The authors use several methods to evaluate the model's performance and explore the complementarity between human analysts and GPT. Here's a critical assessment of the main results:

Prediction accuracy

GPT-4 with a simple prompt achieves an accuracy of 52.33% and an F1-score of 54.52%, which is on par with the first-month consensus forecasts by financial analysts following the earnings release.
When using chain-of-thought (CoT) prompts, GPT-4 achieves an accuracy of 60.35%, outperforming analyst predictions by 7 percentage points, even without access to narrative or contextual information available to analysts.
While the results are impressive, it's important to note that the paper does not provide a detailed explanation of how the CoT prompts were designed or optimised.
The specific instructions used in the CoT prompts could have a significant impact on the model's performance, and more transparency in this regard would strengthen the findings.

Complementarity between human analysts and GPT

The authors explore instances where forecasts are erroneous and find that GPT-4's predictions are more likely to be inaccurate for smaller firms, firms with higher leverage ratios, loss-making firms, and firms with volatile earnings.

However, the magnitude of these effects is smaller for human analysts, suggesting that they benefit from access to soft information and additional context.

The incremental informativeness analysis shows that both GPT-4 and analyst forecasts are positively associated with future outcomes, and their combined use improves the adjusted R-squared, indicating complementarity.
While these findings are valuable, the paper does not look into the specific types of soft information or context that human analysts might rely on.
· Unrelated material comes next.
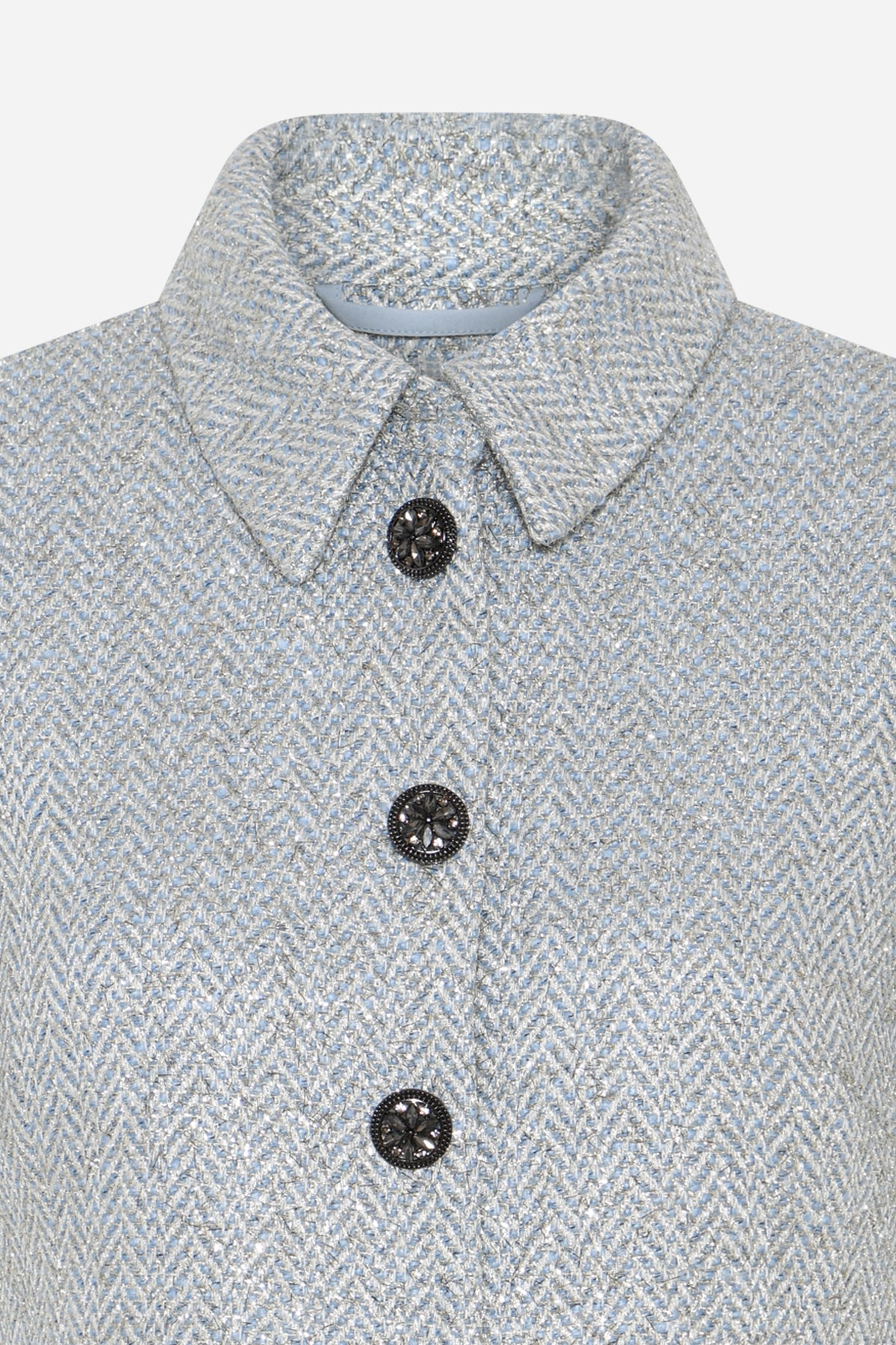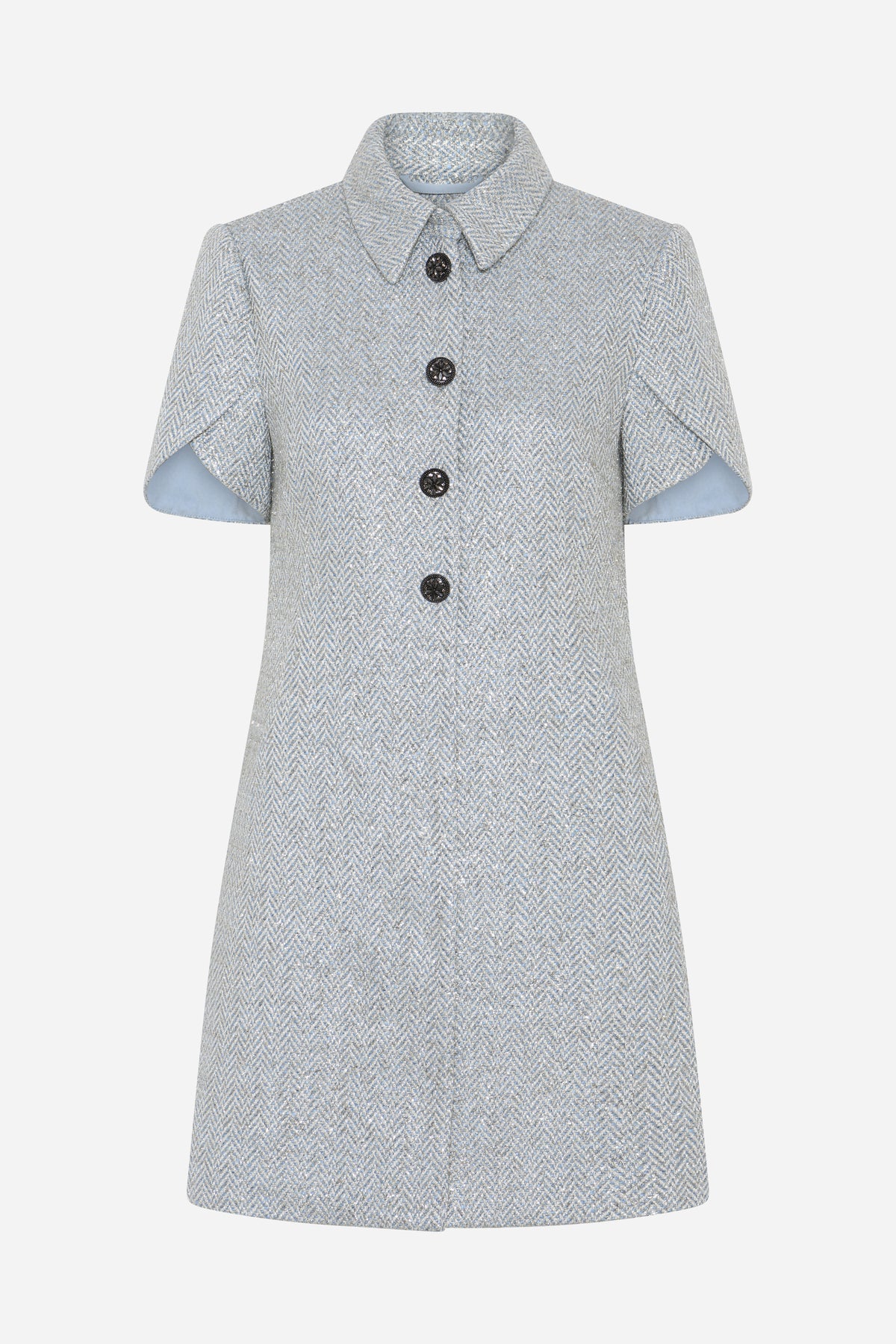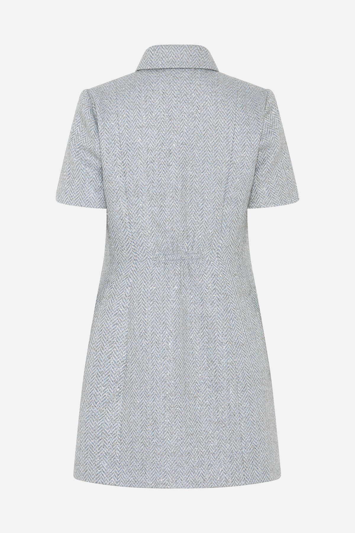 ConeBBZendia kjole er en kort kjole med almindelig pasform, korte ærmer og en elegant sildebensstruktur med karakteristisk Bruuns Bazaar detalje på knapperne.
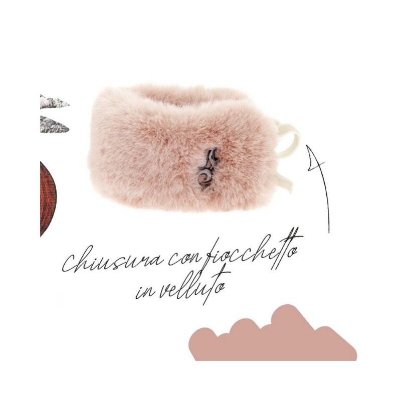 Il foulard di Cipria è realizzato in pelliccia sintetica, con chiusura a fiocco in velluto in tinta.

A more detailed discussion of these factors could provide a clearer understanding of the relative strengths and weaknesses of GPT-4 and human analysts.

Overall, the paper presents compelling evidence that GPT-4 can outperform human analysts in predicting the direction of future earnings based on financial statement analysis, even without access to the same level of contextual information.

The authors also demonstrate the complementarity between GPT-4 and human analysts, highlighting the potential for the model to add value in situations where humans struggle.

However, the paper could benefit from more transparency in the design of the CoT prompts and a more detailed discussion of the specific factors that contribute to the relative strengths and weaknesses of GPT-4 and human analysts.

Additionally, the authors could explore the potential limitations of GPT-4, such as its ability to handle novel or unusual financial situations that may not be well-represented in its training data.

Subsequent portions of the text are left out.